Opinion
Case No. 14-11131
09-23-2014
ORDER GRANTING PETITIONER'S MOTION TO SUPPLEMENT HER HABEAS PETITION
Petitioner Mary Lyn Danielak has filed a pro se habeas corpus petition under 28 U.S.C. § 2254. The petition challenges Petitioner's state convictions for delivery of a controlled substance causing death, Mich. Comp. Laws § 750.317a, common law obstruction of justice, Mich. Comp. Laws § 750.505, tampering with evidence, Mich. Comp. Laws § 750.483a(6)(a), and removing a dead body without permission, Mich. Comp. Laws § 52.204. The Michigan Court of Appeals affirmed Petitioner's convictions, see People v. Danielak, No. 305491, 2012 WL 6913789 (Mich. Ct. App. Nov. 20, 2012), and on May 22, 2013, the Michigan Supreme Court denied leave to appeal. See People v. Danielak, 830 N.W.2d 139 (Mich. 2013).
Petitioner filed her habeas corpus petition earlier this year. Her grounds for relief are: (1) there was insufficient evidence to support the convictions for obstruction of justice, tampering with evidence, and removing a dead body; (2) the creation of a strict liability crime that carries the same penalty as murder violates due process; (3) there was insufficient evidence to support the conviction for delivery of a controlled substance causing death; and (4) the trial court violated Petitioner's right to a fair trial by excluding evidence about the victim's drug use.
Currently pending before the court is Petitioner's motion to supplement her habeas petition. Petitioner wishes to bring to the Court's attention the Supreme Court's decision in Burrage v. United States, 571 U.S. ___, 134 S. Ct. 881 (2014). Burrage was sentenced to a mandatory minimum penalty of twenty years in prison under 21 U.S.C. § 841(b)(1)(C) because a drug user died following an extended binge that included use of heroin purchased from Burrage. The Supreme Court reversed Burrage's conviction and held that, "at least where use of the drug distributed by the defendant is not an independently sufficient cause of the victim's death or serious bodily injury, a defendant cannot be liable under the penalty enhancement provision of 21 U.S.C. § 841(b)(1)(C) unless such use is a but-for cause of the death or injury." Burrage, 134 S. Ct. at 892.
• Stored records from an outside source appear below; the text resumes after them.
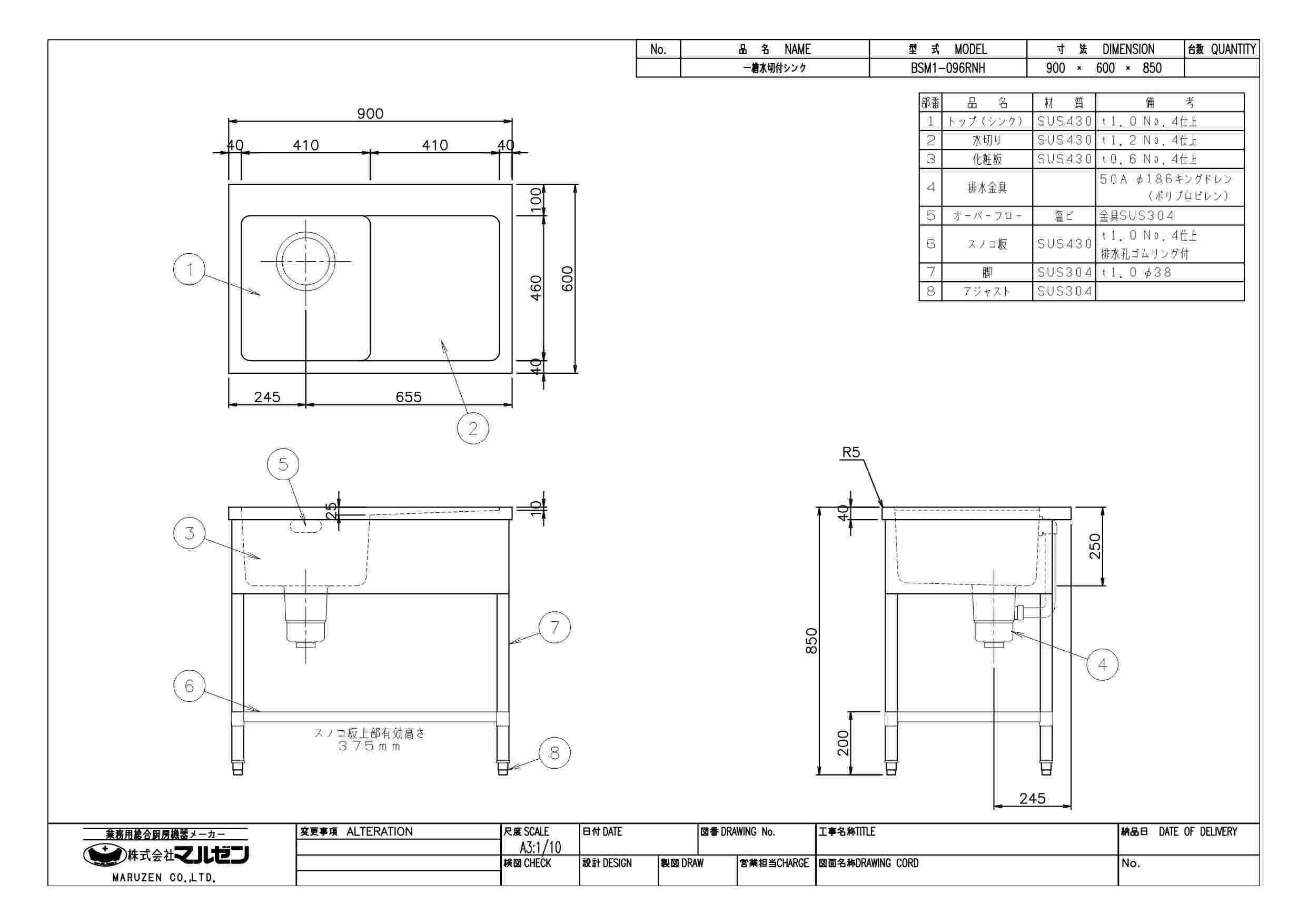 【3月末までのお届け分限定価格】BSM1-096RH/BSM1-096RNH【マルゼン】一槽水切付シンク 右水切り 幅900×奥行600×高さ850mm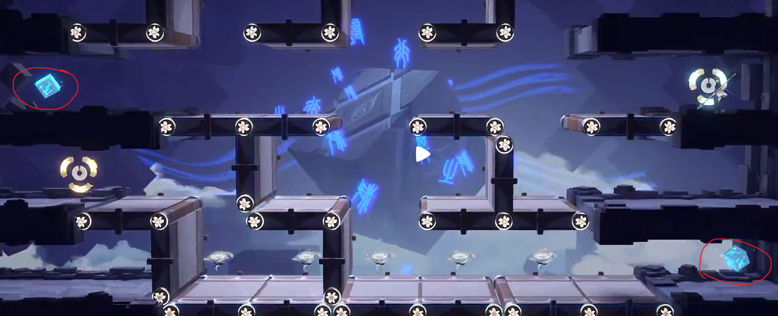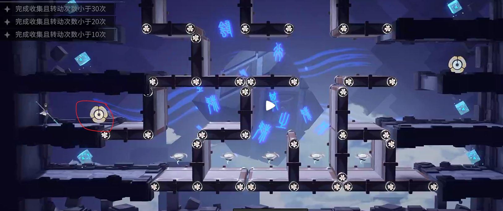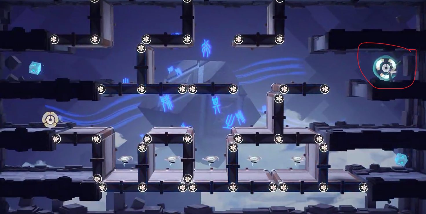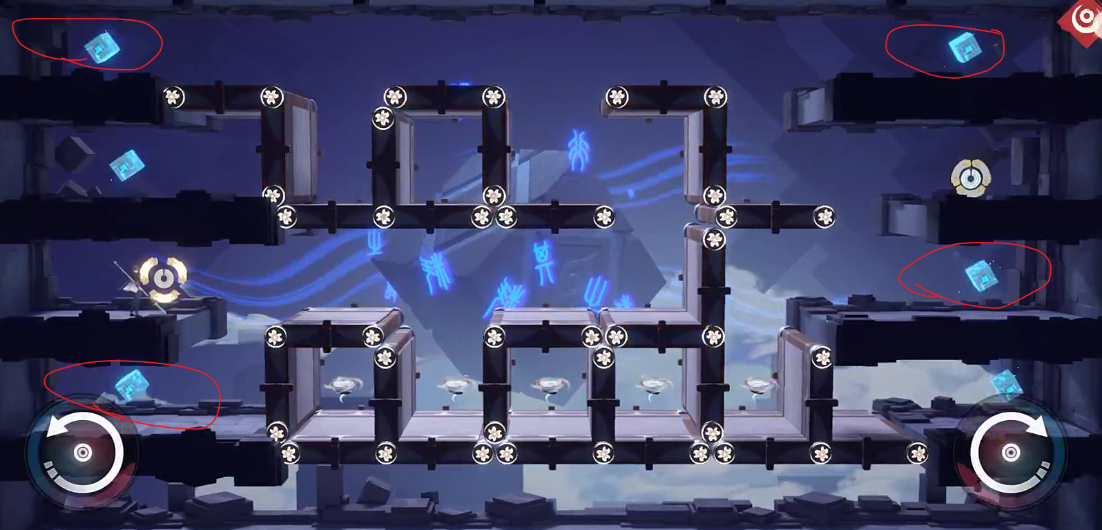 2、转动后,前去收集图中四个道具。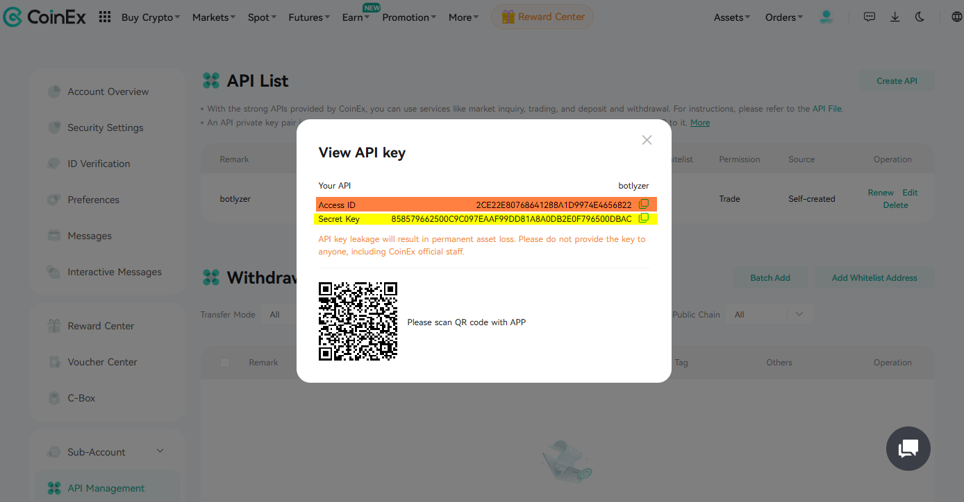 پس از تأیید نهایی، CoinEx دو مقدار بسیار حساس را به شما نمایش میدهد که برای اتصال باتلایزر به حساب شما استفاده میشوند: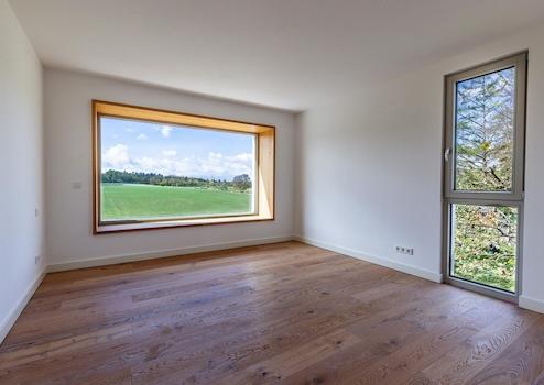 Über die Tiefgarage haben Sie – neben dem Hauseingang im Erdgeschoss, der nur über einen Fußweg erreicht werden kann - einen weiteren, exklusiven Zugang direkt ins Haus. Die Ausrichtung des Hauses konzentriert sich Richtung Süden mit Blick auf ein reizvolles, vielseitiges und vor allem unbebautes Feld. Der Ausblick zum Feld wird im Erdgeschoss durch Panorama-Schiebetüren und im 1.OG durch die Blumenfenster perfekt eingerahmt.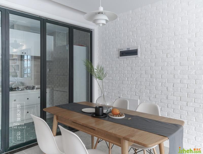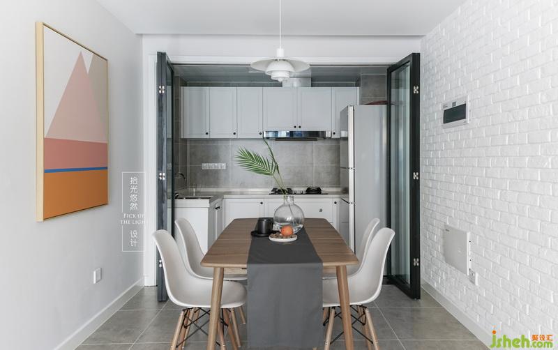 封了原本生活陽臺與廚房之間的門,才讓廚房用起來更順手,透明玻璃做的折疊門能完全打開,在餐廳搭配了明亮的裝飾畫,認認真真陪在家人身邊吃每一頓飯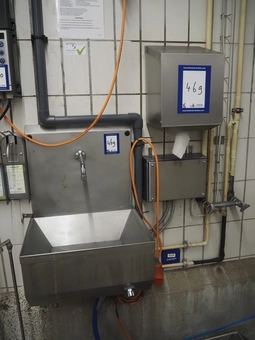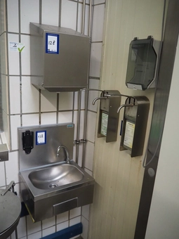 S/s sink with 1 faucet, knee control, dimensions sink: 410 mm x 360 mm x 500 mm, 2 s/s soap dispensers and s/s paper dispenser, dim…€ 75,000 bids03/03/2026 14:50 -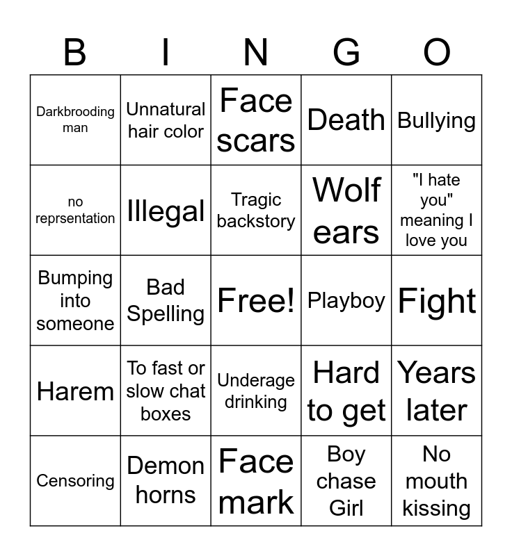 This bingo card has a free space and 24 words: To fast or slow chat boxes, Demon horns, Tragic backstory, Censoring, Bullying, Darkbrooding man, no reprsentation, Unnatural hair color, Playboy, Underage drinking, Wolf ears, Bumping into someone, Hard to get, Years later, Illegal, Boy chase Girl, Fight, Face scars, "I hate you" meaning I love you, Bad Spelling, No mouth kissing, Harem, Death and Face mark.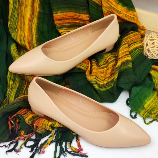 Baleriny damskie z miękkiej skóry ekologicznej na płaskim obcasie. Miękka wkładka, bardzo zgrabny nosek. Klasyczny prosty design, ozdobny obcas.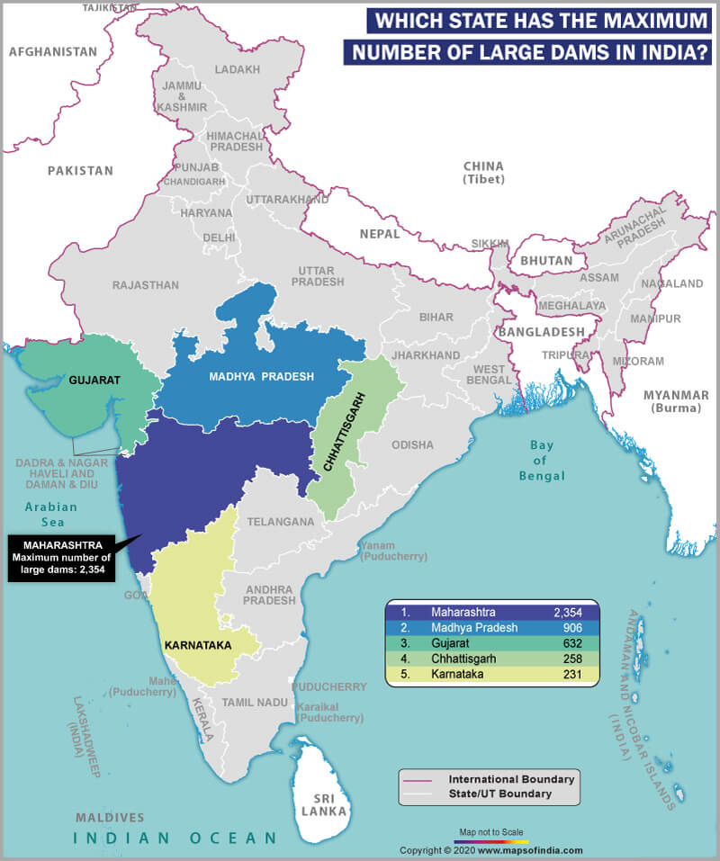 The State of Maharashtra tops the list of the highest number of large dams in India as per the data of the National Register of Large Dam (NRLD) of 2018.

Burrage was decided after Danielak's conviction; accordingly, Danielak seeks to supplement her petition to request the court to apply the rule set forth in Burrage retroactively. "Two types of new rules are automatically retroactive on collateral review—substantive rules that place 'certain kinds of primary, private individual conduct beyond the power of the criminal law-making authority to proscribe' and new procedural rules that "are implicit in the concept of ordered liberty." In re Mazzio, 756 F.3d 487, 490 (6th Cir. 2014) (quoting Teague v. Lane, 489 U.S. 288, 311 (1989)). On the other hand, new procedural rules are generally not applied retroactively on collateral review unless they are "'watershed rules of criminal procedure' which 'alter our understanding of the bedrock procedural elements that must be found to vitiate the fairness of a particular conviction.'" Id. (quoting Teague, 489 U.S. at 311) (emphasis omitted). Neither the Supreme Court nor the Sixth Circuit has spoken to the retroactivity of Burrage on collateral review, and that case may have some relevance to Petitioner's claim about the sufficiency of the evidence supporting her conviction for delivery of a controlled substance causing death. Accordingly,
IT IS ORDERED that the motion to supplement the habeas petition (Dkt. #6) is GRANTED.
s/Robert H. Cleland
ROBERT H. CLELAND
UNITED STATES DISTRICT JUDGE
Dated: September 23, 2014 I hereby certify that a copy of the foregoing document was mailed to counsel of record on this date, September 23, 2014, by electronic and/or ordinary mail.